By the summer of 1642, Rory O’More led the Irish Catholic gentry and clergy to form the Catholic Confederation of Kilkenny which became a de facto government for most of Ireland. Free from the control of the English State, they aligned with the King against the Puritan Parliament in the hope of achieving their goals of property and religious rights. Rory O’More was the nephew and namesake of Rory Og O’More who along with Conor MacCormac O’Conor had led the initial resistance against the Crown in 1565 and who are credited as the first in a long line of patriotic societies that led to today’s Ancient Order of Hibernians. Patriot and author Charles Gavan Duffy wrote of Rory O’More. A private gentleman, with no resources beyond his intellect and his courage, this Rory, when Ireland was weakened by defeat and confiscation, and guarded with a jealous care constantly increasing in strictness and severity, conceived the vast design of rescuing the country from England, and even accomplished it; for, in three years, England did not retain a city in Ireland but Dublin and Drogheda, and for eight years the land was possessed and the supreme authority exercised by the Confederation created by O’More. History contains no stricter instance of the influence of an individual mind.
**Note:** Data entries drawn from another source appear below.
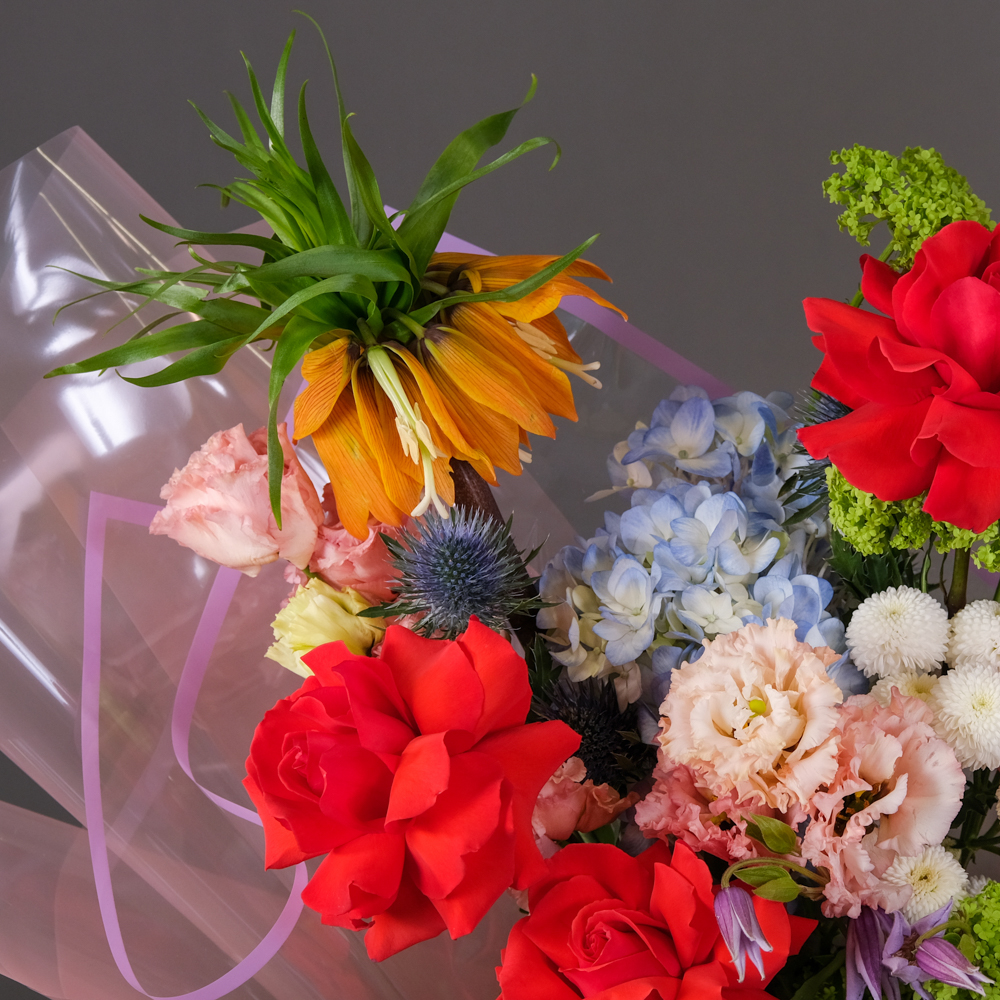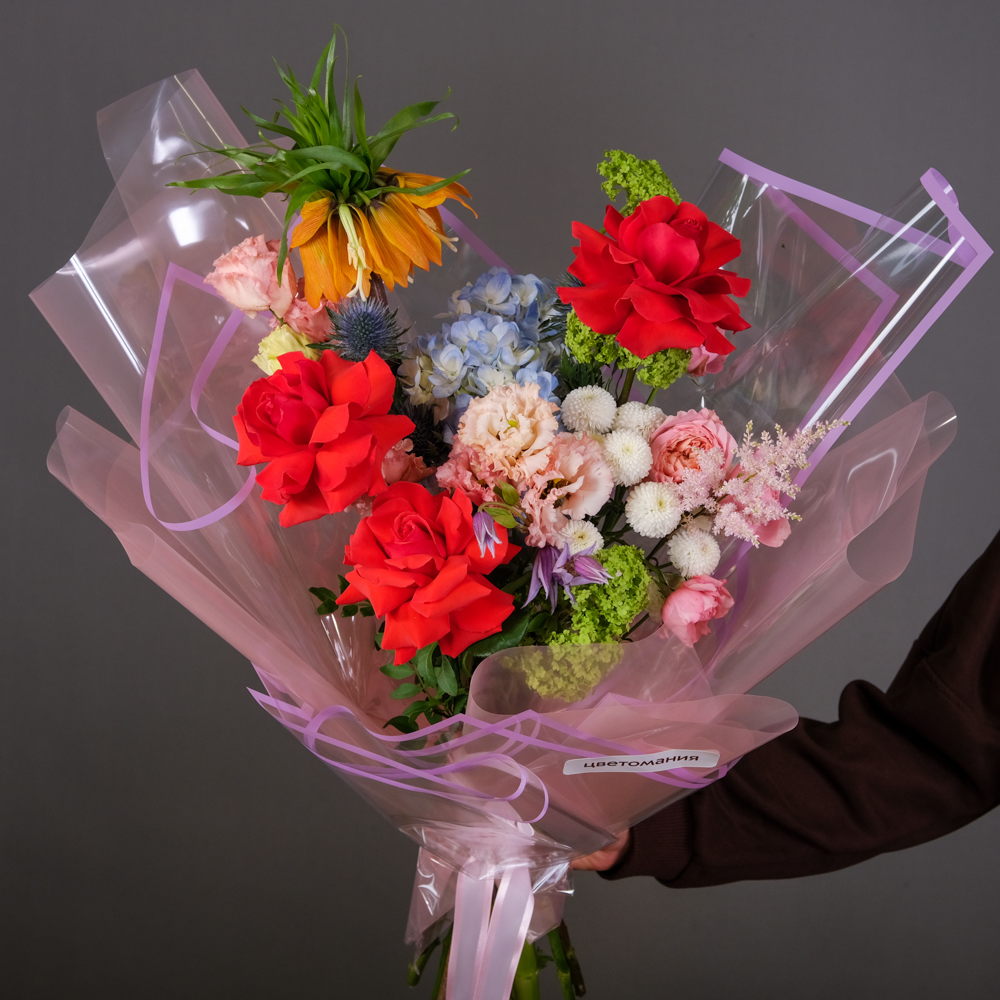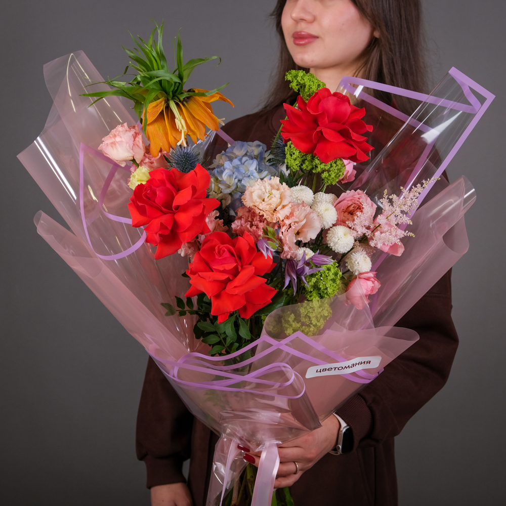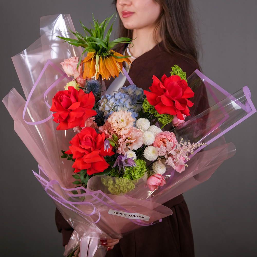 гортензия 1, фритиллярия 1, вибурнум розуем 1, эрингиум 1, эустома 2, астильба 1, хризантема кустовая 1, кустовая роза 1, роза французская 3, клематис 1, пистач 3, упаковка, лента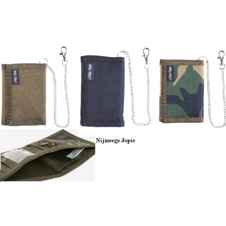 mooie stevige portemonnee, met diverse vakjes, ook afsluitbaar muntgeld-vakje, met ketting, meestal voorradig in groen, zwart en woodland-camouflage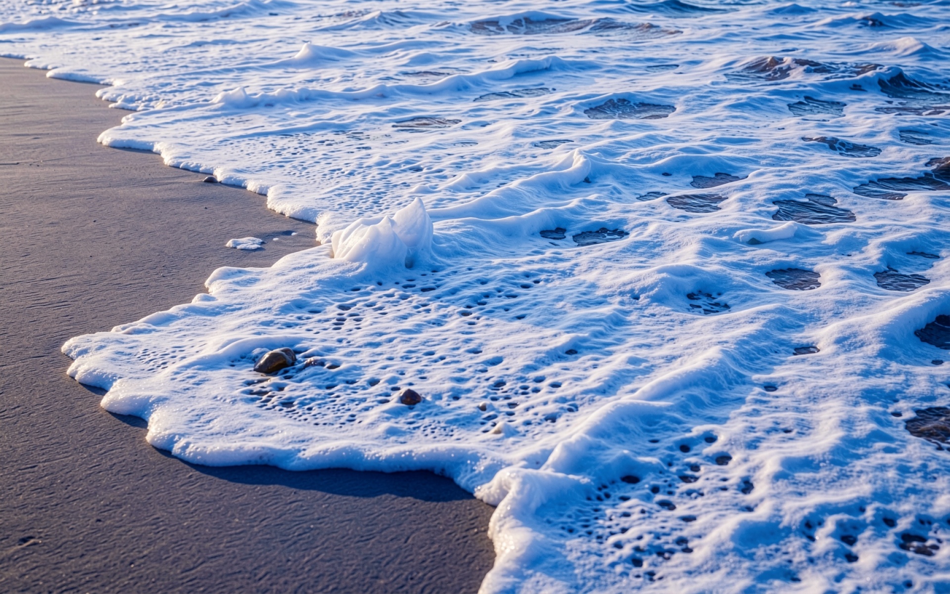 Белая морская пена на темном песке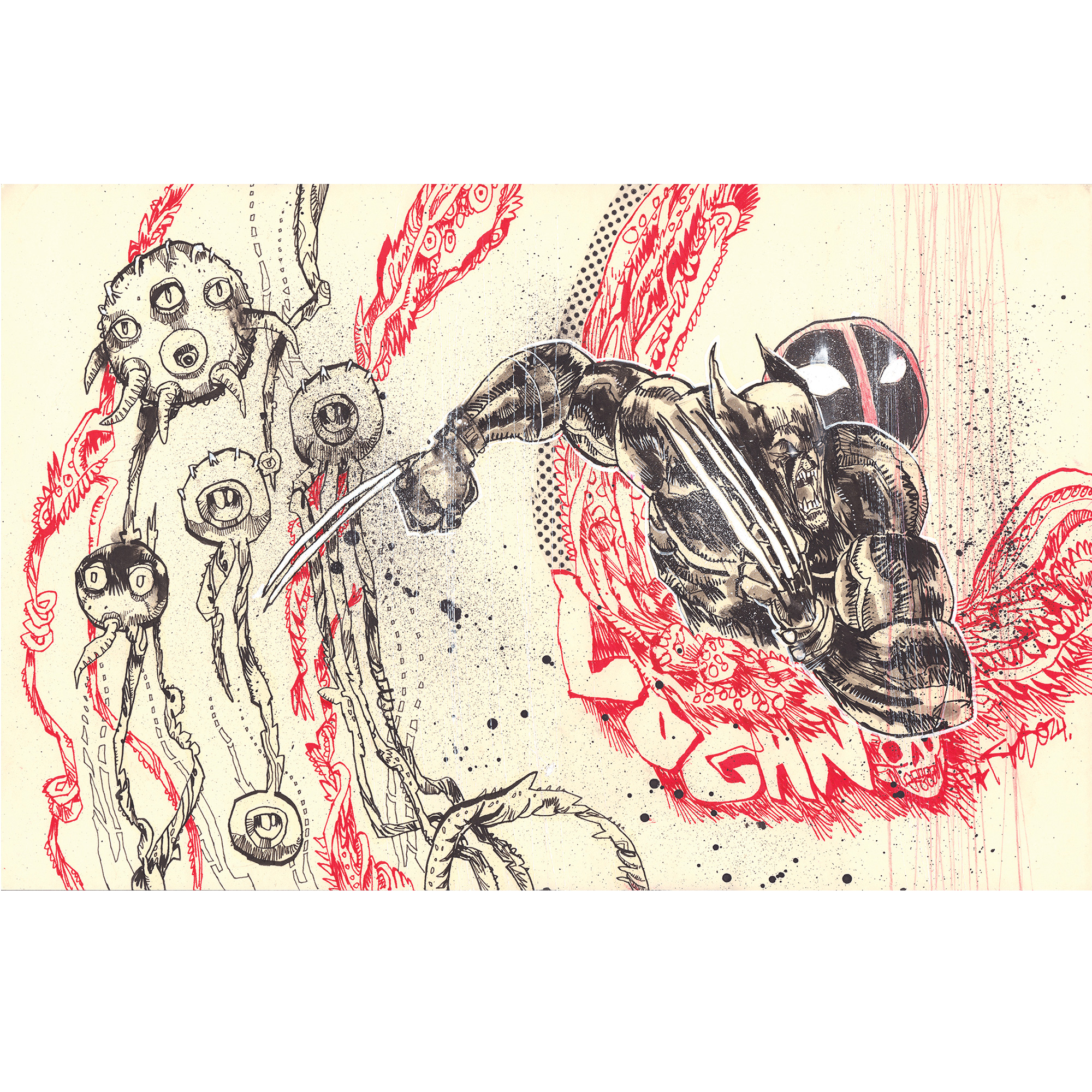 Pen & Ink with zip-a-tone on ivory paper. 11×17.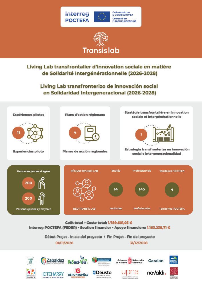 Projet POCTEFA (2024-2026), l’objectif de TRANSIS LAB est de créer un Living Lab transfrontalier en tant que laboratoire d’expérimentation à usage partagé pour promouvoir 6 expériences pilotes. Elles ont vocation à connecter différentes ressources d’accompagnement socio-sanitaires pour améliorer la qualité de vie de 400 personnes âgées fragiles en milieu rural dans les régions d’Euskadi, Navarre, Nouvelle-Aquitaine et Occitanie.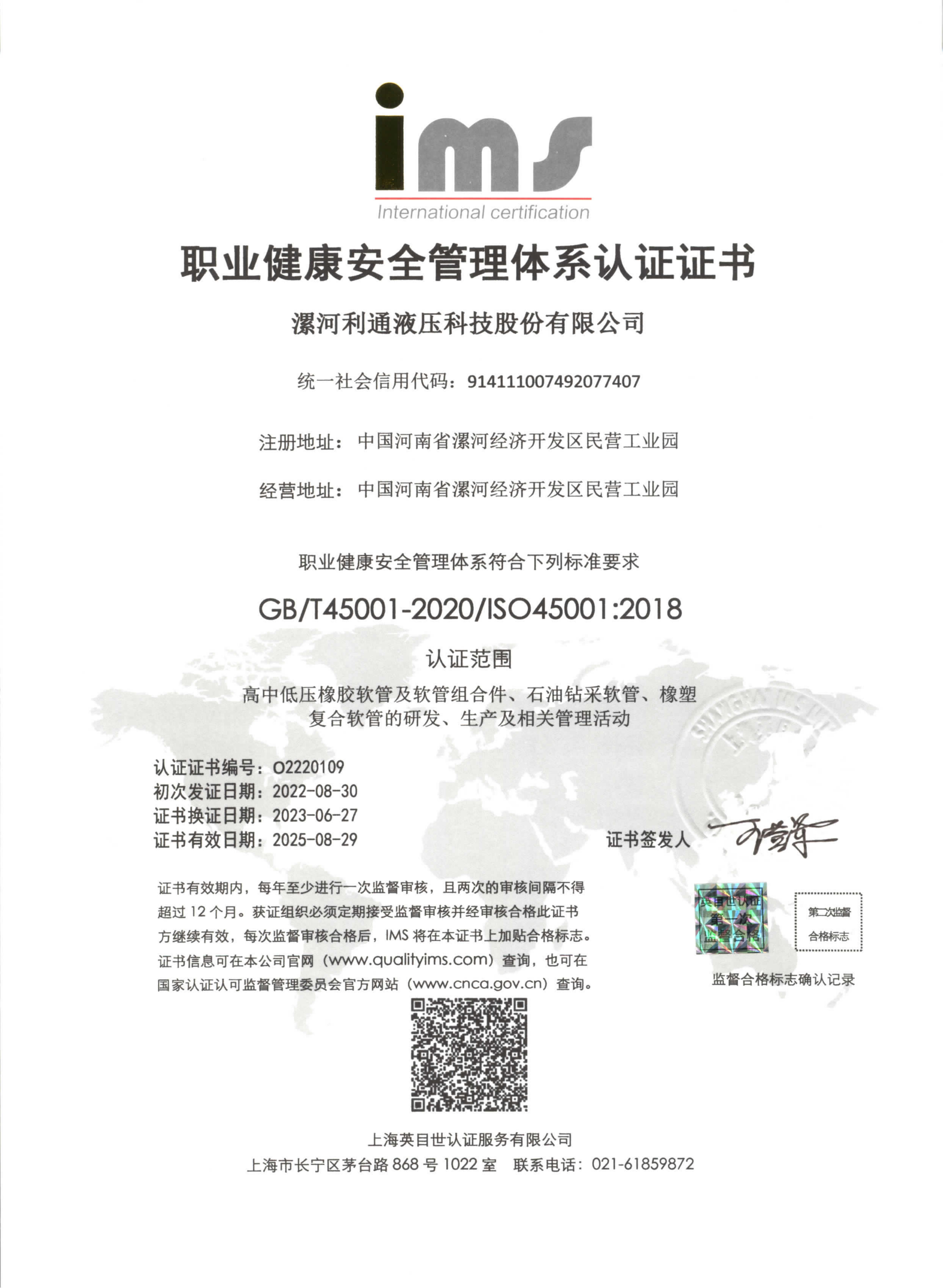 Occupational Health and Safety Management System Certificate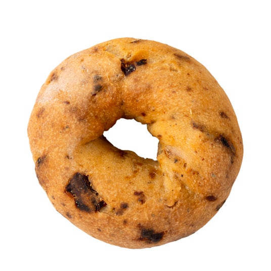 Comeat(R)(コミート)の旨みと香ばしさが、ガーリック、オリーブ、ドライトマトと絶妙に調和したベーグルタイプ。食事パンとしても軽食としても楽しめます。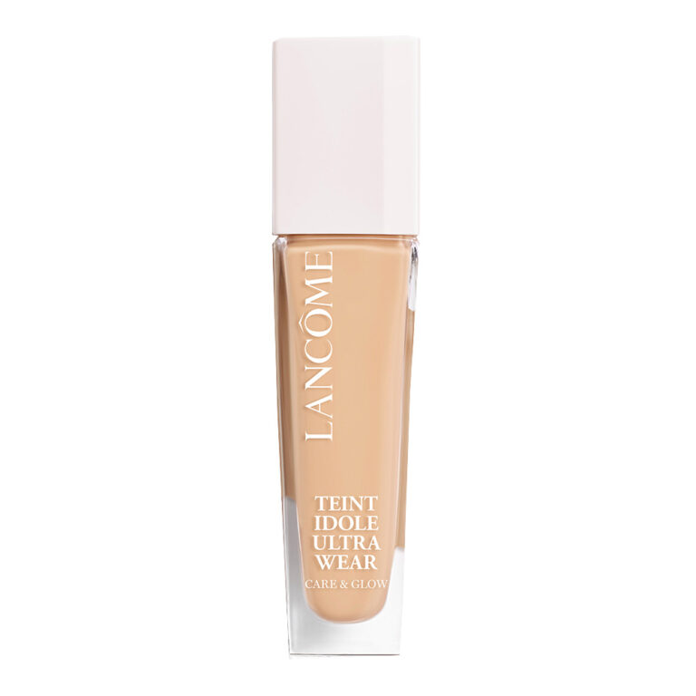 Teint Idole Ultra Wear Care&Glow від Lancome— це тональна основа-сироватка, яка діє 24 години, має середній ступінь покриття та захист від UVA випромінювання SPF 25. Вона зволожує та розгладжує шкіру, надаючи їй природного сяйва.

The Irish air The March of the King of Laois, commemorates O’More’s exploits in the 1641 rising.
The Covenanters sent an army to Ulster to re-conquer Ireland, but it was defeated by the Irish at the Battle of Benburb in 1646. Then in 1649, an English Civil War ended with the execution of King Charles I and the institution of Oliver Cromwell’s Puritan Parliament. On 15 August 1649, Cromwell landed at Dublin, with an army of anti-Catholic extremists and marched through Ireland, giving no quarter to ‘Papist Rebels’ and using confiscated land to pay off debts to his troops and to the so-called ‘Adventurers’ who had financed his cause. In May, 1650 he returned to England having brutally re-conquered the country and the patriotic Irish began a series of secret societies that plagued the Crown down all the years trying to regain the freedom that the Confederation of Kilkenny had once won.